Both cellulose samples exhibited similar ERDT spectra when RDB-PAS results were compared. The patterns seemed to be structured in two main zones, which showed slight intensity variation between them, as described earlier. The shapes of the ERDT spectra were similar for the softwood and hardwood cellulose fibre samples. This finding indicated that the energy resolution in RDB-PAS was much higher than in other methods. Since the absolute molar amount (or density, in μmol g−1) could be determined through use of photochemical methods, the above-mentioned similarity in the pattern shapes suggested that PA signal intensity was proportional to the density of the ETs and that the optical absorption coefficient of electron-filled ETs at 625 nm was constant regardless of their energy levels. So far, no experimental results have been reported for photoabsorption spectra of electron-filled ETs according to their energy levels in cellulose samples. In the present RDB-PAS study, the use of wavelength-scanned modulated light rather than constant wavelength LED light may have enabled the measurement of the spectra of electron-filled ETs with different ET energies. In other words, the use of RDB-PAS produced ERDT spectra that showed relative ET densities. In Fig. 3, the figures in brackets (〈 〉) show the total ET densities.
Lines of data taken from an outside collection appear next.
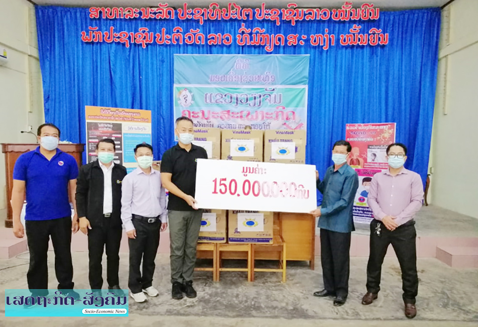 ໃນວັນທີ 27 ເມສານີ້ ທີ່ຫ້ອງວ່າການປົກຄອງແຂວງວຽງຈັນ ທ່ານ ດູ ເວັນລ່ຽງ (DUWENLIANG) ຕາງໜ້າບໍລິສັດທີ່ປຶກສາດ້ານການລົງທຶນ ແລະກໍ່ສ້າງເຂື່ອນໄຟຟ້າ ຈຳກັດ ໄດ້ມອບເງິນຈຳນວນ 100 ລ້ານກີບ ແລະຜ້າອັດປາກມູນຄ່າ 50 ລ້ານກີບ
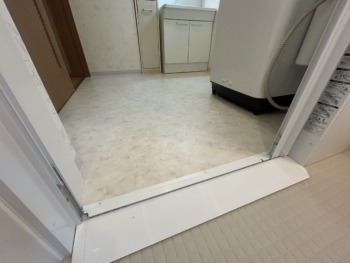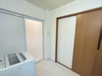 洗面脱衣場です。拡張して広く使えるように改修します(20センチ程)。
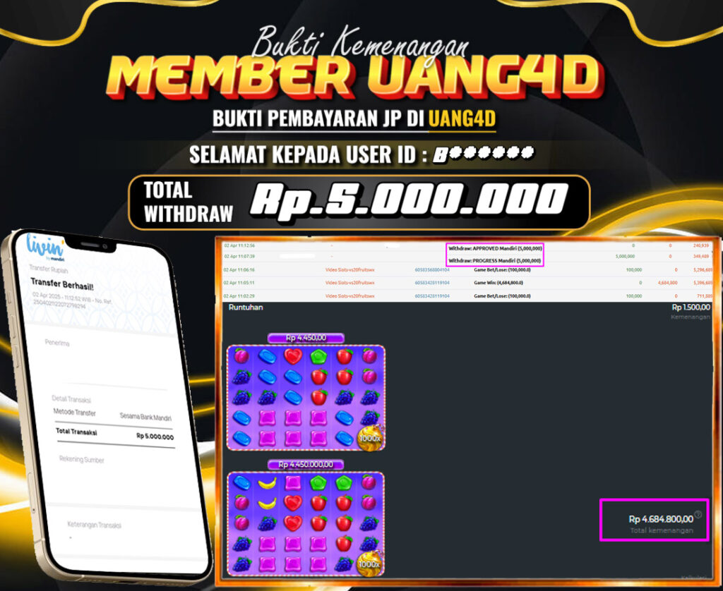 Jangan lewatkan kesempatan untuk meraih kemenangan besar. Daftar sekarang di UANG4D dan rasakan pengalaman bermain slot terbaik yang pernah ada! Putar gulungan, menangkan jackpot, dan jadilah bagian dari komunitas pemain sukses kami!
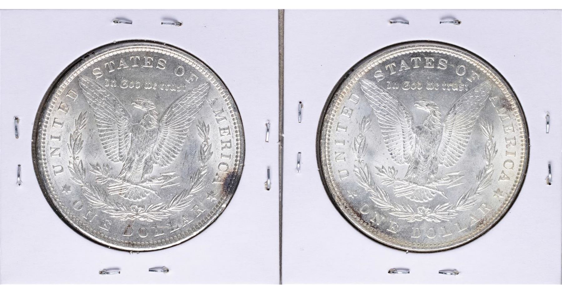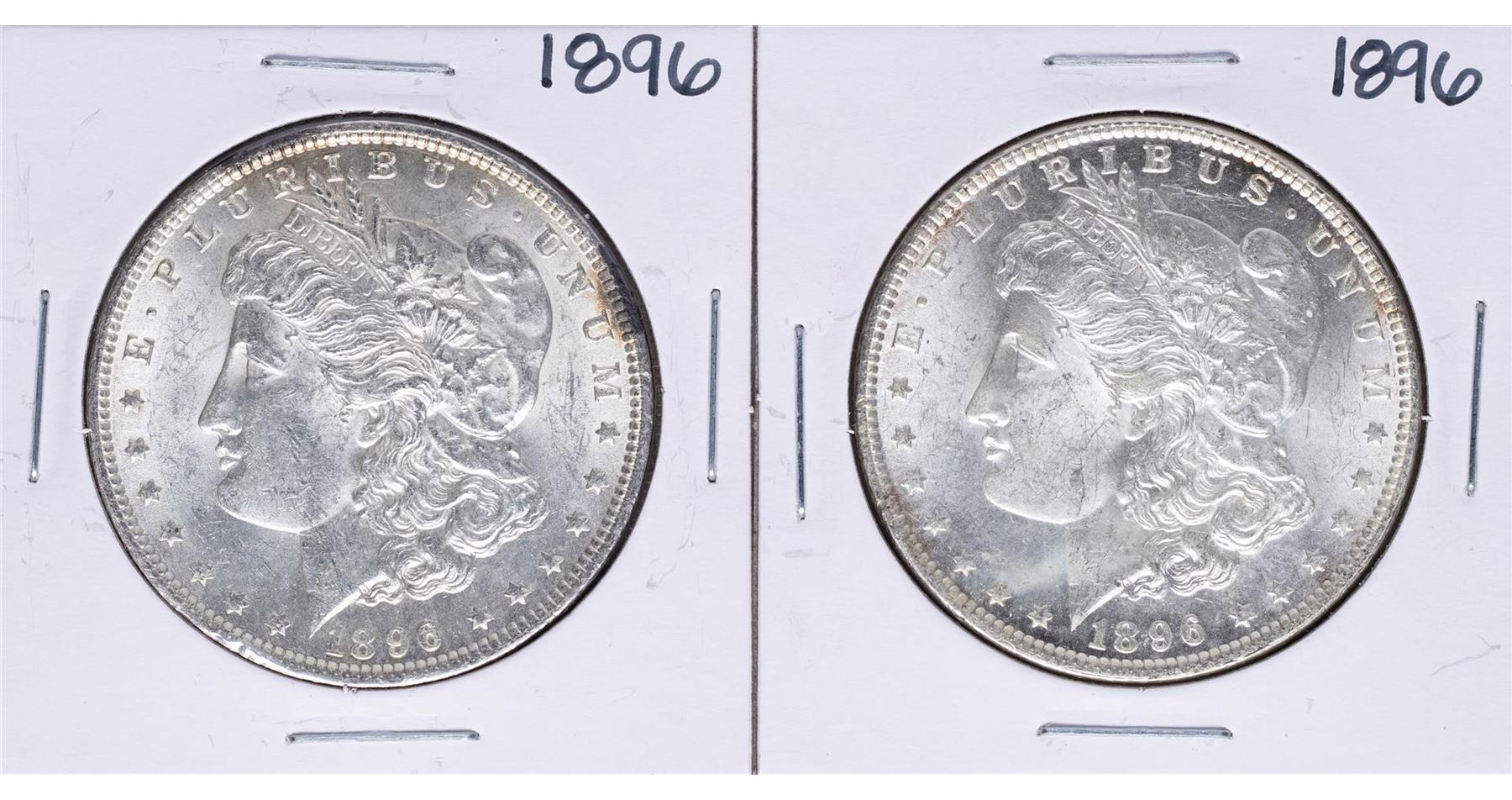 One Lot of (2) 1896 $1 Morgan Silver Dollar Coins.
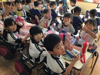 おもちつきの後は,近隣の「菓心 かめだや」さんのみたらし団子をみんなで食べました。同じもち米からつくられているお団子をみんなぺろりと美味しく食べました。
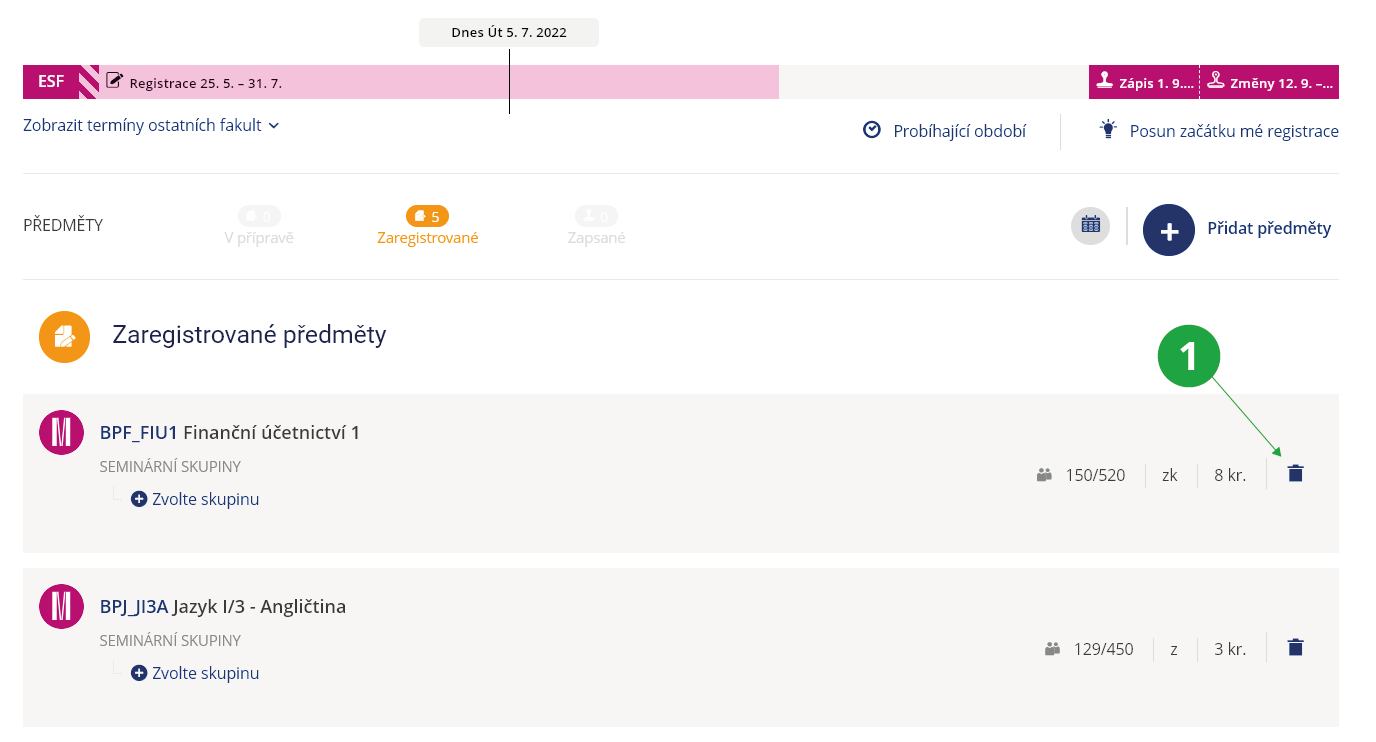 1 Pokud probíhá období, kdy lze předmět zrušit, zobrazuje se u něho modrá (aktivní) ikona popelnice.
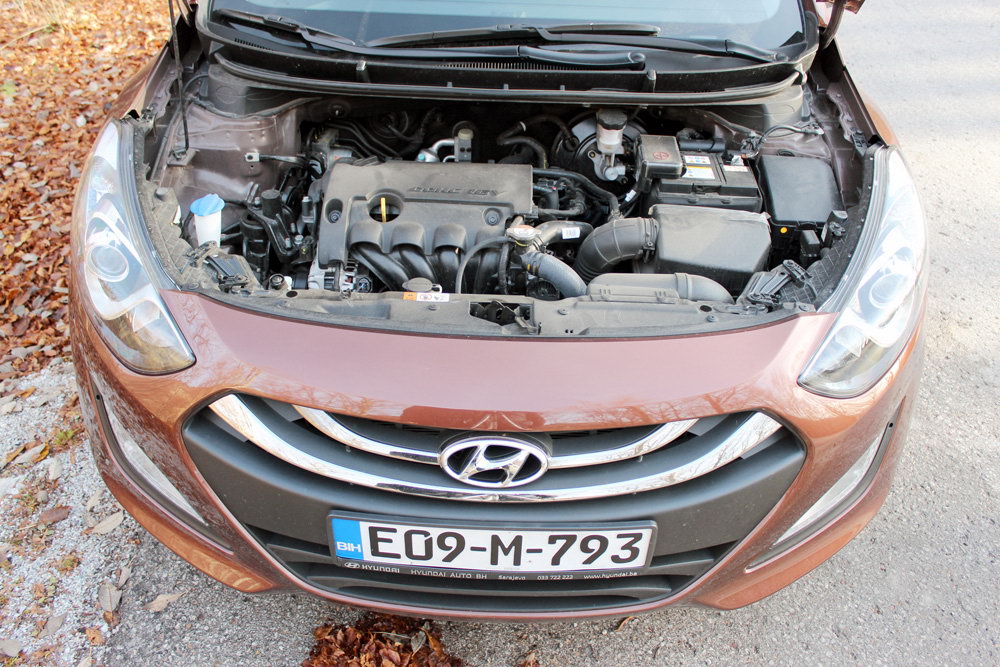 Bazni motor modela Hyunda I30 je 1.4-litreni atmosferski benzinac sa 100 KS i 137 Nm okretnog momenta, a upravo tim motorom bio je opremljen naš testni model. Ovaj mali benzinac sasvim je solidno rješenje za one vozače koji nisu skloni agresivnijoj vožnji, a vrlo dobro je rješenje za one koji većinu godišnje kilometraže prave u gradu. Ovaj 16-ventilski motor karakteriše izuzetno uglađen, miran i tih rad, pa laganom vožnjom put gotovo nećete osjetiti.
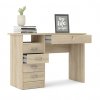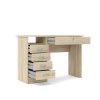 Psací stůl FELIX 163, v oblíbeném dekoru dub, vyrobený z lamina, v jednoduchém moderním provedení. Po praktické stránce nabídne dostatek úložného prostoru, prostřednictvím pěti zásuvek, z nichž jedna zásuvka je uzamykatelná a jedné odkládací poličky. Skvěle se hodí především do dětských a studentských pokojů, ale také do kanceláře či domácí pracovny.
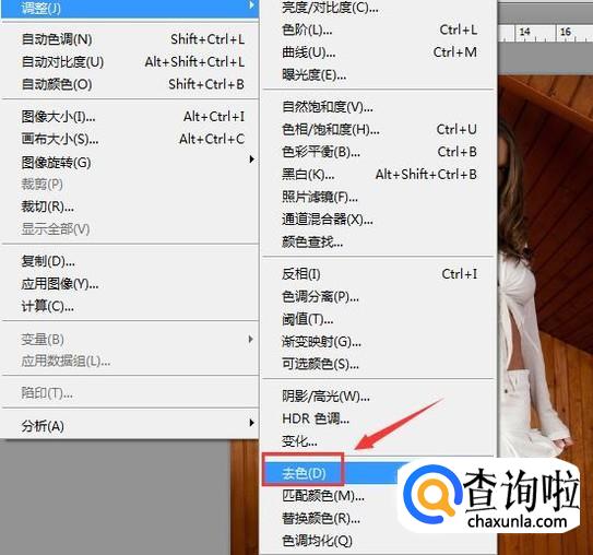 点击调整选项在其子级菜单哪里去色选项,如图所示:
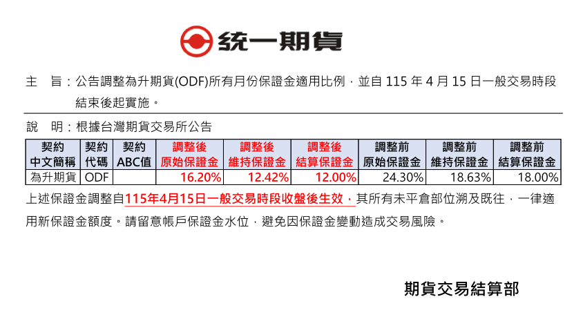保證金調整通知 【公告】調整為升期貨(ODF)所有月份保證金適用比例,並自115年4月15日一般交易時段結束後起實施。 發表時間:2026.04.14 主 旨:公告調整為升期貨(ODF)所有月份保證金適用比例,並自115年4月15日一般交易時段結束後起實施。 回列表
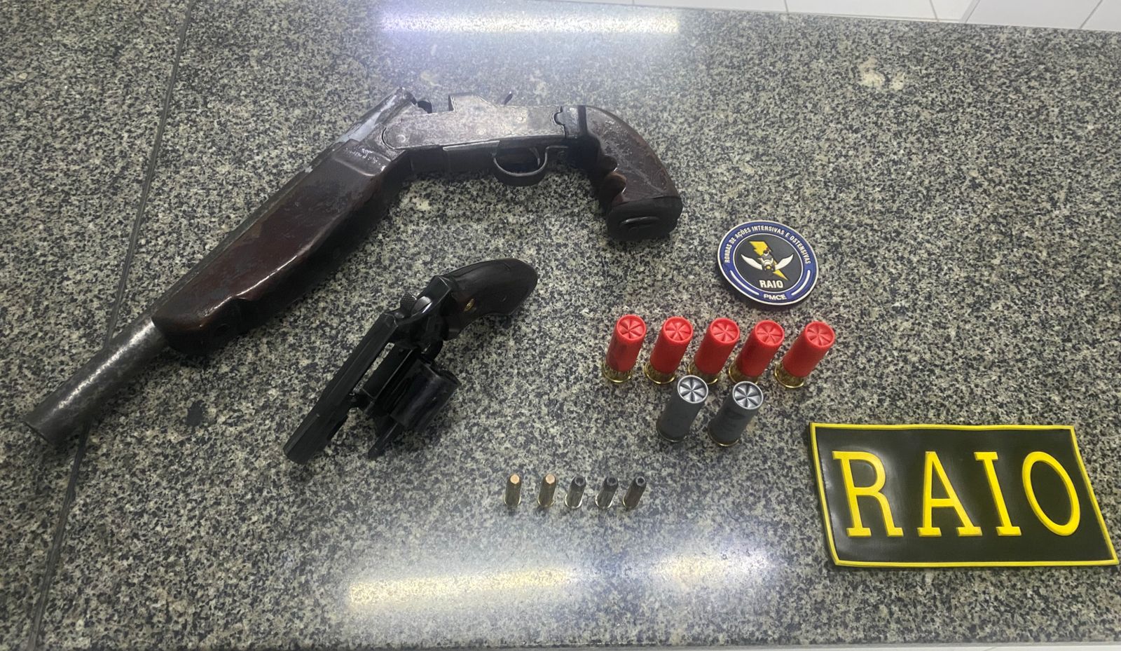 No total, foram apreendidos uma espingarda artesanal calibre 12, um revólver calibre .32, sete munições calibre 12 e cinco munições calibre .38.

The figures below those show the specific surface areas of the cellulose fibres. As reported previously[23], total ET density depends predominantly on the specific surface area of samples (those for cellulose fibres are two orders of magnitude lower than those for TiO2 semiconductor material) and on the main crystalline phase, which is identical for softwood and hardwood samples[24]. Therefore, these two parameters reflect the size of the bulk (surface) and the bulk structure, respectively. On the other hand, even if samples A and B have similar specific surface areas and the same crystalline phase, ERDT spectra are sometimes dissimilar. Differences in ERDTs are attributable to the surface structure and are not reflected in the total ET density. They may be affected by all the parameters that characterise cellulose materials: surface structure, bulk structure, bulk (surface) size, and cell differences that occur after digestion temperatures are relaxed.

Conclusion

It has been shown that PA spectroscopy is a powerful tool for the study of the density of ETs in cellulose fibres. An important advantage of this method over regular absorption measurements is that it can be used to determine the ETs that are formed on the surface of cellulose fibres during temperature relaxation. PA spectroscopy can be applied to very thin layers of cellulose pulp, in which light absorption is weak and hard to detect, and for samples that scatter incident light. The RDB-PAS signal was recorded due to the electron trap filling on different cellulose fiber surfaces. In addition, it has been shown that the energy differences between the ETs are smaller in hardwood than softwood, because hardwood has fewer fibres but more vessels and other tissue elements than softwood, but the same crystalline phases and specific surface areas. The results reveal that cellulose possess a unique response to photo induced changes and can inspire a new approach of smart material design and promotes further applications.